Grosse(s) délivrée(s) le :
à :
Me Thomas MEULIEN – 1022
Me Gérard MINO – 0178
Me Frédéric PEYSSON – 1005
Me Jean baptiste TAILLAN – 1014
2 copies à la régie
2 copies au service expertises
1 Copie au dossier
EXPOSE DU LITIGE
Vu l’article 455 du code de procédure civile,
Vu les assignations en date des 7, 8, 16, 21, 28 octobre 2024 délivrées par la SCI MARIS STELLA à la SARL INGENIERIE DECOR CONCEPT (IDC), à Monsieur [R] [V], Madame [E] [S] épouse [V], la SAS ARCHITEC, la SASU NOUVELLE ETANCHEITE VAROISESEV, la mutuelle des architectes français (MAF),
La procédure a été enregistrée sous le RG n° 24/02149.
Vu l’assignation par dénonce de procédure en date du 4 mars 2025 délivrées par Monsieur [R] [V], Madame [E] [S] épouse [V] à la SMABTP.
La procédure a été enregistrée sous le RG n° 25/01134.
Ils sollicitent la jonction de la procédure avec la procédure enregistrée sous le n° RG 24/02149.
A l’audience du 2 mai 2025, la jonction entre les procédures enregistrées sous le RG n° 25/01134 et le RG n° 24/02149 a été prononcée sous ce dernier numéro.
Vu les conclusions soutenues à l’audience du 2 mai 2025 par la SCI MARIS STELLA, et auxquelles il est renvoyé pour l’exposé des moyens. Elle sollicite une mesure d’expertise judiciaire avec mission habituelle en la matière et s’oppose à la mise hors de cause de la société INGENIERIE DECOR CONCEPT.

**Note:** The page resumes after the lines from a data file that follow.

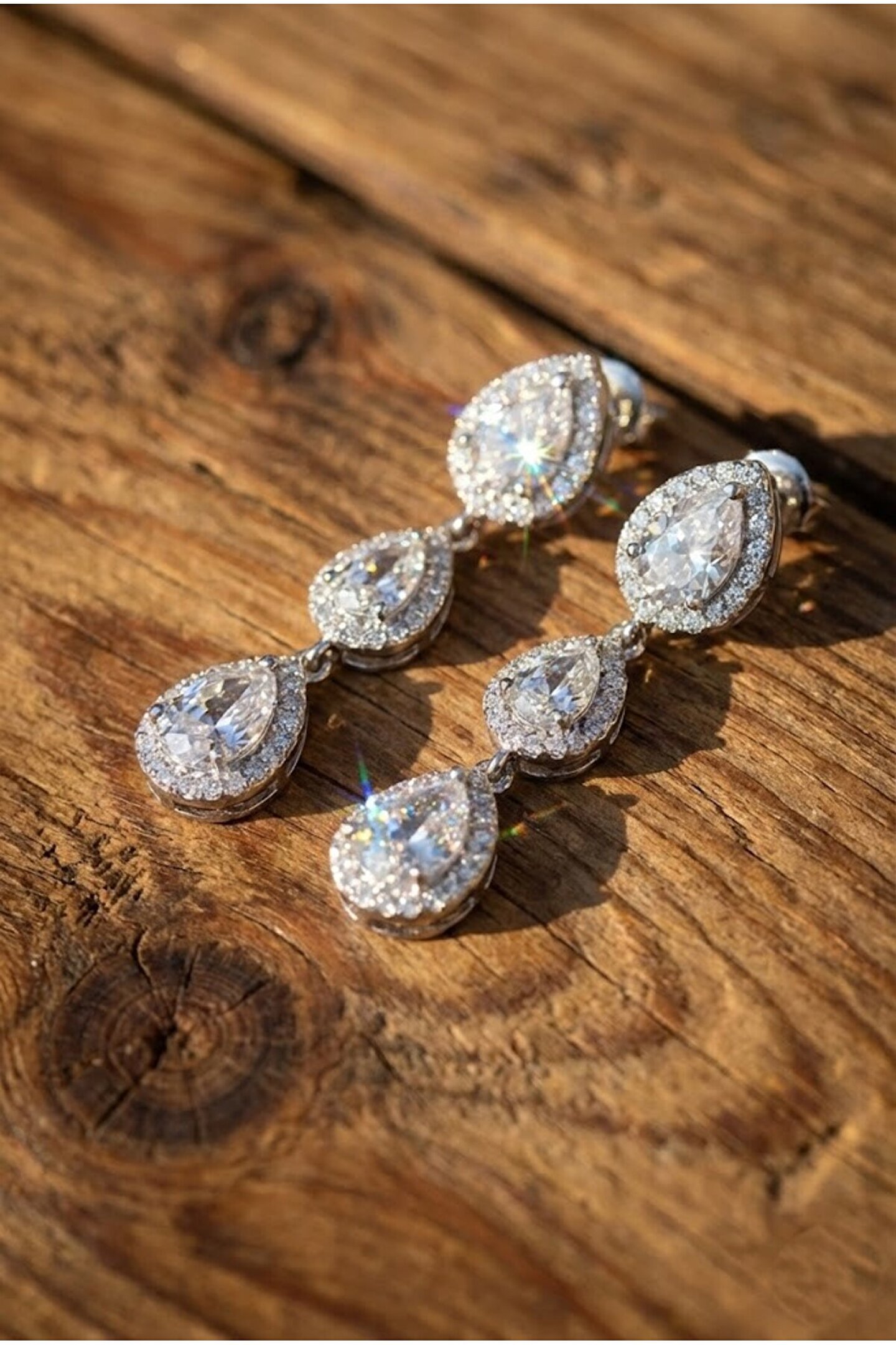 Göğüş 3 Taşlı Küpe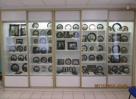 Etage i Rådhuset i Frauenberg tilbyder at opdage en meget smuk samling af tallerkener med farvede kanter, der primært stammer fra fajancefabrikkerne i Sarreguemines. Denne samling præsenterer den specielle teknik til påføring af et fotografi på perlemorsporcelæn, som har haft enorm succes.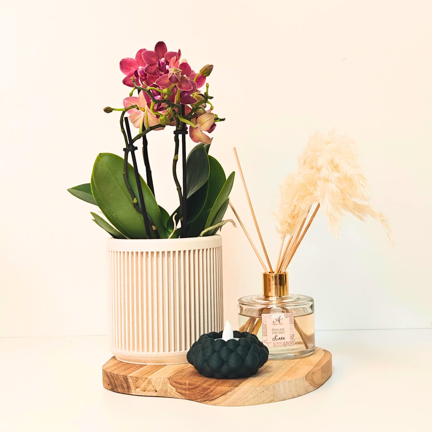 Een architecturale bloempot met verticaal reliëf en warme houttinten, geïnspireerd op mid-century design. Tijdloos, rustig en tactiel.
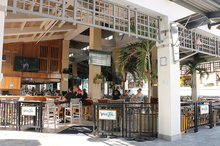 アメリカン、日本食、中華、韓国料理、ベトナム、バーなど各国の美味しいものが食べられるので、お腹がすいたらここへ行けばまず安心です! 最上階なのでテラス席に座るとビーチが見える席もあり、ハワイの風を感じながら気持ちよくお食事が出来るのも良いですね。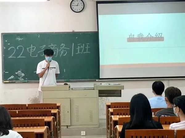 在新生自我介绍后,迎来了竞选军训负责人的环节,同学们踊跃上台竞选,通过各位竞选人自我介绍和讲解自己的优势进行投票选择,竞选成功的军训负责人协助助班们处理班级的相关事宜。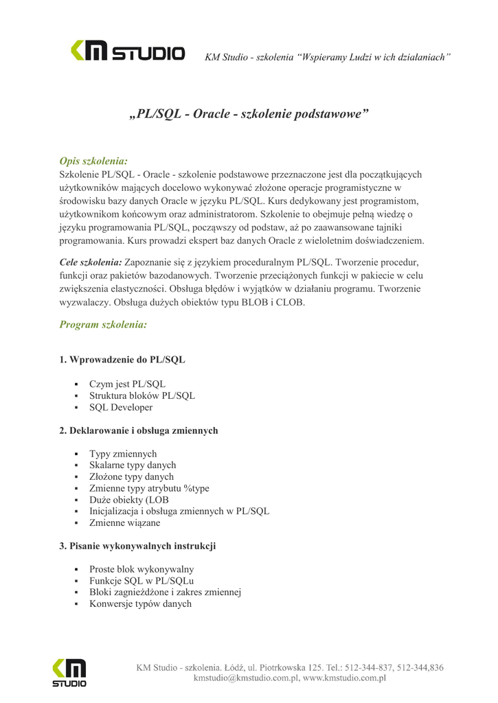 PL/SQL - Oracle - szkolenie podstawowe - KM Studio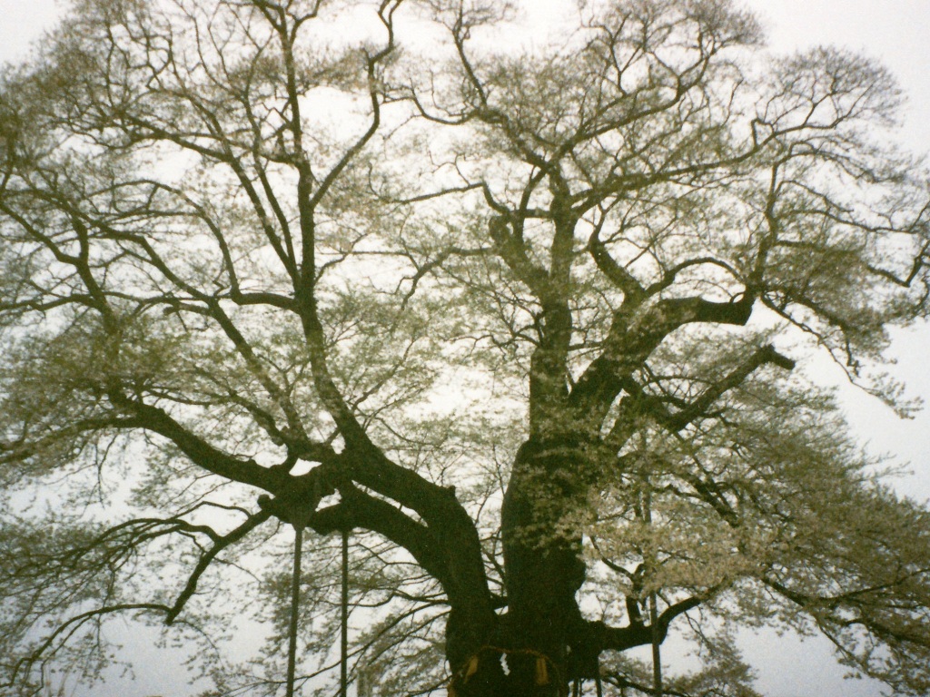 県下一の巨木と伝えられる醍醐桜は、のどかな山里の原風景の中にあって、ただ1本だけ空に向かってそびえ立つ圧倒的な存在感。日本名木百選にも選ばれると同時に、昭和47年12月には岡山県の天然記念物に指定されています。目通り7.1m、根本周囲9.2m、枝張り東西南北20m、樹高18m、種類はアズマヒガン(ヒガンザクラの一種)で、伝説によれば、元弘2年(1,332年)後醍醐天皇が隠岐配流の際、この桜を見て賞賛したといわれ、この名がつきました。樹齢は700年とも、また地元の説では1,000年ともいわれ、この見事な桜に魅せられ毎年満開の季節になると周囲が大渋滞になるほどに多くの花見客で混雑します。(真庭観光局HP転記)
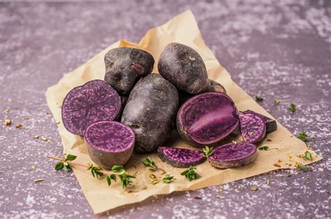 Esistono diverse varietà di patate viola, ognuna con caratteristiche uniche. Tra le più conosciute troviamo la Vitelotte, con la sua buccia e polpa di un intenso colore viola scuro. Altre varietà includono la Purple Majesty, la Congo, la Blue Congo e la Purple Peruvian.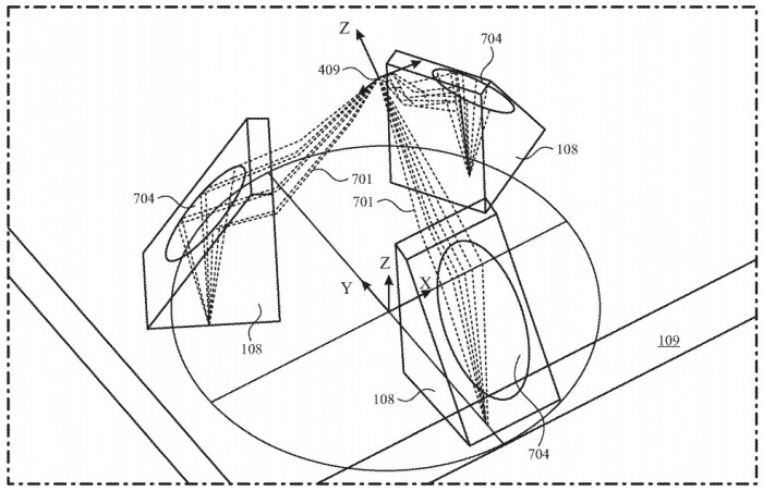 在苹果公司的空气监测方案中,提出使用三个激光光源,和三个全内反射透镜,以及相关的光传感器或光电二极管来接收光信号。激光器发出的光通过透镜,并向接收传感器反射,光线向传感器本身折射。苹果表示,堆栈可以由传感器电路组成,在底层,由发射器和检测器叠加,然后是顶部的透镜。这将意味着光传感器和光源将处于同一位置,因此光线将被反弹回原点。这样做可以让苹果省去需要确定光线的目的点,并将检测传感器放置在离发射器较远的地方,节省设计空间。苹果还建议使用VCSELs,它在iPhone的TrueDepth相机阵列等硬件中使用。
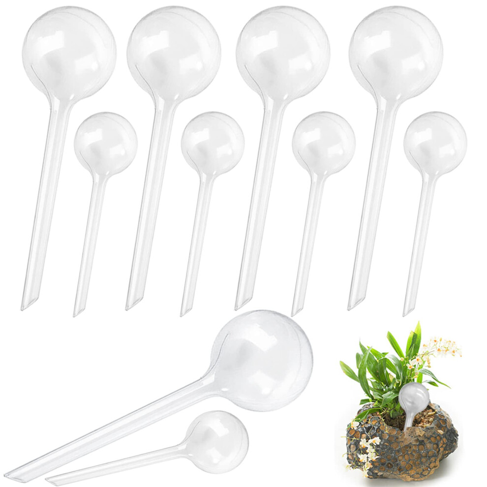 Confezione: 10 globi autoirriganti. Materiale: PVC. Colore: Trasparente. Dimensioni grandi: 26,5-8 cm. Dimensioni piccole: 13,5-5 cm. Suggerimento: 1.

Vu les conclusions soutenues à l’audience du 2 mai 2025 par Monsieur [R] [V], Madame [E] [S] épouse [V], et auxquelles il est renvoyé pour l’exposé des moyens. Ils sollicitent la jonction des procédures enregistrées sous le RG n° 25/01134 et le RG n° 24/02149, et formulent protestations et réserves quant à la mesure d’expertise sollicitée.
Vu les conclusions soutenues à l’audience du 2 mai 2025 par la société ARCHITEC, et auxquelles il est renvoyé pour l’exposé des moyens. Elle formule protestations et réserves.
Vu les conclusions soutenues à l’audience du 2 mai 2025 par la société SMABTP, et auxquelles il est renvoyé pour l’exposé des moyens. Elle formule protestations et réserves et sollicite la communication de certains documents relatifs au travaux de la part des époux [V].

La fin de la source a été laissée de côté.